顿了顿,想起什么,他掐了个决,再一眨眼,已经换了一幅打扮。现在看起来他只是一个金丹期的普通路过炼器宗门朝暮派的弟子。
“诶,这位朝暮派的师兄也来喝喜酒啊?”有自来熟的修士认出他的门派校服,热情发问。
嵇何沉默,眼前这赵府张灯结彩,竟然是在办喜宴吗?当真是千年走马,原本尸横遍野的祭坛,如今也成了寻常人家喜结良缘之地。
怀着一种莫名的情绪,他没有拒绝门房的招呼,也跟着走了进去。
“说起来,咱们能蹭上这桩喜事,还得多亏了昆山剑君呢。”刚才主动搭话的修士嘴巴闲不住地东拉西扯。
嵇何:……?
修士道:“听说这引源镇就是当初昆山剑君与恨水剑的结缘之地,趁着二者合道的东风,赵家公子才特意把婚期提前到今日。这叫什么?这就叫好风凭借力,送我入洞房。
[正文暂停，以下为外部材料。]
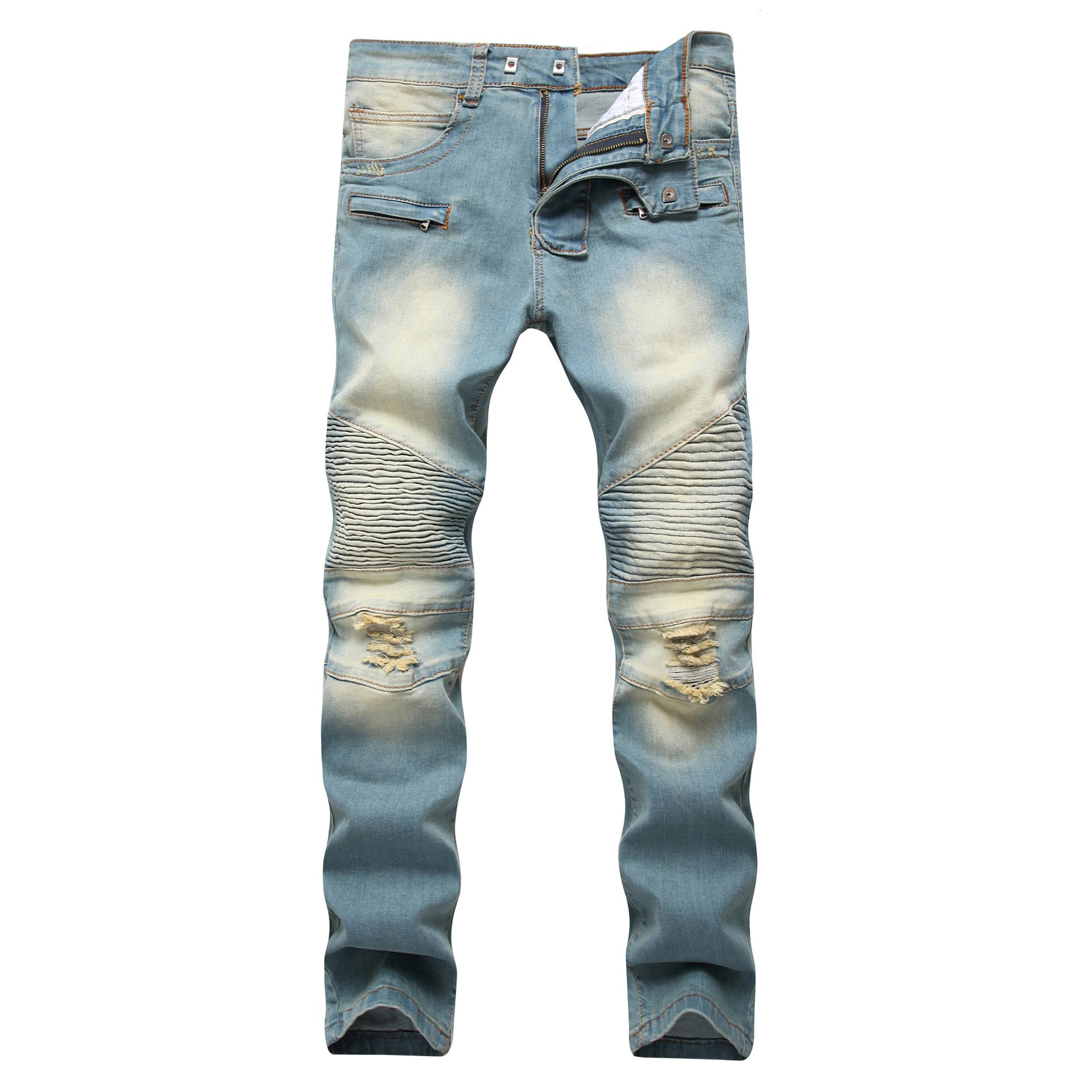 Cross border special for men's zipper, jeans, broken holes, dragging the yellow, nostalgic men, Europe and America high street stretch pants

”
他略有兴奋地搓手:“也不知道昆山剑君准备什么时候办合道大典,不过先来吃顿喜酒演练一下也不错。”
代餐,美美吃之。
嵇何沉默几秒:“道友,昆山剑君与恨水剑不过是剑修与剑的关系,何来合道一说?”
修士不乐意了:“你懂什么剑修?我可是把《百花录》的剑修特刊全部追完了的。”
外号天下第一剑的嵇何:……
“哦不对。”那修士打量他乔装后的服饰,恍然大悟,“哎呀,你是朝暮派修士来着。你们和剑宗关系亲近,可曾知道什么内幕?《百花录》现在重金悬赏昆山剑君与恨水剑缠缠绵绵的爱情细节,你若是知道,投稿过去也能大赚一笔呀!”
嵇何默默把自己的袖子从对方手里抽出来,掉头就走。
修行无情道多年,他已经学会了如何在外界的纷纷扰扰中保持内心的清净——不要和傻逼争论。
笑一下算了。
他已心生离意,但突然间,又改了主意,留了下来。无他,察觉到了熟悉的气息,再一抬眼,竟然是器冢中遇到过的小孩在和人争吵。
好歹是一面之缘,他便随手送出一把宝刀。
接着扯了一张红宣纸,拿过笔,信手挥毫——云溪村二人,记宝刀一柄。
折纸为镖,腕底生风,去如虻飞,迅疾如雷。
帮完忙,他便没再关注两个萍水相逢的小孩。没想到再看见,竟然是他循着魔气追过来,看见了穿嫁衣的蒲白。
剑光劈开烟雾,他的目光落在剑光所指的尽头,素面红裙,手持断刀的少年站在那里。
宝剑双蛟龙,雪花照芙蓉。
一句诗突然从他脑海中跳出来。
四目相对的一刹那,他心中巨震。
大乘修士几乎与天同寿,一举一动都与天地规律在共鸣,他们的所有似有所感都是天地的警示。
在那一刹那,他想到了无情峰的雪。寂静无声的雪色,笼罩了昆山天宫上千年。
紧接着浮现在他耳边的临行前那半吊子的卦师朋友玩笑般的谶语——
“你今日下山,会遇到一个有缘人,若有他相助,恨水剑未必不能有断剑再续之日!”